Directions for this task :: Copy the data below. Keep every line exactly as it is.

Exercise inputs ::
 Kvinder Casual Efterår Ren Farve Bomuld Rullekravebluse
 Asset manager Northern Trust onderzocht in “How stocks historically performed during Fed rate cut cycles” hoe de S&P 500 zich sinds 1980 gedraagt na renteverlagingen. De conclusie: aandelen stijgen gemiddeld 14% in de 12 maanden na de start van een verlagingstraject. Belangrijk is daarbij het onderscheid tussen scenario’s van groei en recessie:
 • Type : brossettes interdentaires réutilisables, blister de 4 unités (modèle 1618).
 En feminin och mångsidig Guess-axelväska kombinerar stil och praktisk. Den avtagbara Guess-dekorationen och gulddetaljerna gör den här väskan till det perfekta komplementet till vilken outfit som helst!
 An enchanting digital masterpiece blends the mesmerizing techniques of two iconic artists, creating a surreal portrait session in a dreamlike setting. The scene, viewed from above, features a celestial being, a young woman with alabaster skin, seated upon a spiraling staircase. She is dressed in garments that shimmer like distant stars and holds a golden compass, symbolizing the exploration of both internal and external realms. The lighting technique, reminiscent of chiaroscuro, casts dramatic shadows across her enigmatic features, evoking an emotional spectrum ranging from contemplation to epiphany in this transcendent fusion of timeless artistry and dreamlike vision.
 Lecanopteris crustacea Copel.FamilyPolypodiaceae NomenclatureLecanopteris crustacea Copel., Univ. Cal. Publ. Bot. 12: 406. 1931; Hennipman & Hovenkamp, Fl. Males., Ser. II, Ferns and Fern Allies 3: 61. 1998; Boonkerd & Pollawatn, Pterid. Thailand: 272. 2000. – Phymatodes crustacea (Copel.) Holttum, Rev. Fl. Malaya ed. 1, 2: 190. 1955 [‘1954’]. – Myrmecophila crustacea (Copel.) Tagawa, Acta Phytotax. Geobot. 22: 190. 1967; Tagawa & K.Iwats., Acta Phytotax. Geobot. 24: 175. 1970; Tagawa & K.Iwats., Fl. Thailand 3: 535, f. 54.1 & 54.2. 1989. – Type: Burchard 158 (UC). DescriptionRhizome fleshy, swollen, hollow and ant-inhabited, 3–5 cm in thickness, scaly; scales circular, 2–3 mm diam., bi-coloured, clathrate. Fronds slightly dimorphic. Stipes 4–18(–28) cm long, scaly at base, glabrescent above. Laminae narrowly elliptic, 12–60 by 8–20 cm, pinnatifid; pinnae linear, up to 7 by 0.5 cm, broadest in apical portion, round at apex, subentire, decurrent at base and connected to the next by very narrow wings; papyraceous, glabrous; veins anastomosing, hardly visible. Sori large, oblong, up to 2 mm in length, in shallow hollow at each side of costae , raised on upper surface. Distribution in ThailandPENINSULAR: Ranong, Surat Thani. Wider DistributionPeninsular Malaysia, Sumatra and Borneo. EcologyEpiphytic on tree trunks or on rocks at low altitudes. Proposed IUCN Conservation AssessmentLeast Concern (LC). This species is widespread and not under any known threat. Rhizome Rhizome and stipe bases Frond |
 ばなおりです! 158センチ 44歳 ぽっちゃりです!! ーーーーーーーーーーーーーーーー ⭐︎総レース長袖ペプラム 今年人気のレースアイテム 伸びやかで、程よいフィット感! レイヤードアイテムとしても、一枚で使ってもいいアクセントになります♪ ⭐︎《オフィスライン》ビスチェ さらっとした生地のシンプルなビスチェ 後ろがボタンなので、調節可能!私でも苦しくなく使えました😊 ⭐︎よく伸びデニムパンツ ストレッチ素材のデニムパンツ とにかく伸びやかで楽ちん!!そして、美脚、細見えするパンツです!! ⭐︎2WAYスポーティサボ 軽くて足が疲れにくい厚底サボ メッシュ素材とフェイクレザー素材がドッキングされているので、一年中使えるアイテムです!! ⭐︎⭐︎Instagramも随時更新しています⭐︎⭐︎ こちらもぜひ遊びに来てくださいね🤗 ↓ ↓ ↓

Task result ::
 Kvinder Casual Efterår Ren Farve Bomuld Rullekravebluse
 Asset manager Northern Trust onderzocht in “How stocks historically performed during Fed rate cut cycles” hoe de S&P 500 zich sinds 1980 gedraagt na renteverlagingen. De conclusie: aandelen stijgen gemiddeld 14% in de 12 maanden na de start van een verlagingstraject. Belangrijk is daarbij het onderscheid tussen scenario’s van groei en recessie:
 • Type : brossettes interdentaires réutilisables, blister de 4 unités (modèle 1618).
 En feminin och mångsidig Guess-axelväska kombinerar stil och praktisk. Den avtagbara Guess-dekorationen och gulddetaljerna gör den här väskan till det perfekta komplementet till vilken outfit som helst!
 An enchanting digital masterpiece blends the mesmerizing techniques of two iconic artists, creating a surreal portrait session in a dreamlike setting. The scene, viewed from above, features a celestial being, a young woman with alabaster skin, seated upon a spiraling staircase. She is dressed in garments that shimmer like distant stars and holds a golden compass, symbolizing the exploration of both internal and external realms. The lighting technique, reminiscent of chiaroscuro, casts dramatic shadows across her enigmatic features, evoking an emotional spectrum ranging from contemplation to epiphany in this transcendent fusion of timeless artistry and dreamlike vision.
 Lecanopteris crustacea Copel.FamilyPolypodiaceae NomenclatureLecanopteris crustacea Copel., Univ. Cal. Publ. Bot. 12: 406. 1931; Hennipman & Hovenkamp, Fl. Males., Ser. II, Ferns and Fern Allies 3: 61. 1998; Boonkerd & Pollawatn, Pterid. Thailand: 272. 2000. – Phymatodes crustacea (Copel.) Holttum, Rev. Fl. Malaya ed. 1, 2: 190. 1955 [‘1954’]. – Myrmecophila crustacea (Copel.) Tagawa, Acta Phytotax. Geobot. 22: 190. 1967; Tagawa & K.Iwats., Acta Phytotax. Geobot. 24: 175. 1970; Tagawa & K.Iwats., Fl. Thailand 3: 535, f. 54.1 & 54.2. 1989. – Type: Burchard 158 (UC). DescriptionRhizome fleshy, swollen, hollow and ant-inhabited, 3–5 cm in thickness, scaly; scales circular, 2–3 mm diam., bi-coloured, clathrate. Fronds slightly dimorphic. Stipes 4–18(–28) cm long, scaly at base, glabrescent above. Laminae narrowly elliptic, 12–60 by 8–20 cm, pinnatifid; pinnae linear, up to 7 by 0.5 cm, broadest in apical portion, round at apex, subentire, decurrent at base and connected to the next by very narrow wings; papyraceous, glabrous; veins anastomosing, hardly visible. Sori large, oblong, up to 2 mm in length, in shallow hollow at each side of costae , raised on upper surface. Distribution in ThailandPENINSULAR: Ranong, Surat Thani. Wider DistributionPeninsular Malaysia, Sumatra and Borneo. EcologyEpiphytic on tree trunks or on rocks at low altitudes. Proposed IUCN Conservation AssessmentLeast Concern (LC). This species is widespread and not under any known threat. Rhizome Rhizome and stipe bases Frond |
 ばなおりです! 158センチ 44歳 ぽっちゃりです!! ーーーーーーーーーーーーーーーー ⭐︎総レース長袖ペプラム 今年人気のレースアイテム 伸びやかで、程よいフィット感! レイヤードアイテムとしても、一枚で使ってもいいアクセントになります♪ ⭐︎《オフィスライン》ビスチェ さらっとした生地のシンプルなビスチェ 後ろがボタンなので、調節可能!私でも苦しくなく使えました😊 ⭐︎よく伸びデニムパンツ ストレッチ素材のデニムパンツ とにかく伸びやかで楽ちん!!そして、美脚、細見えするパンツです!! ⭐︎2WAYスポーティサボ 軽くて足が疲れにくい厚底サボ メッシュ素材とフェイクレザー素材がドッキングされているので、一年中使えるアイテムです!! ⭐︎⭐︎Instagramも随時更新しています⭐︎⭐︎ こちらもぜひ遊びに来てくださいね🤗 ↓ ↓ ↓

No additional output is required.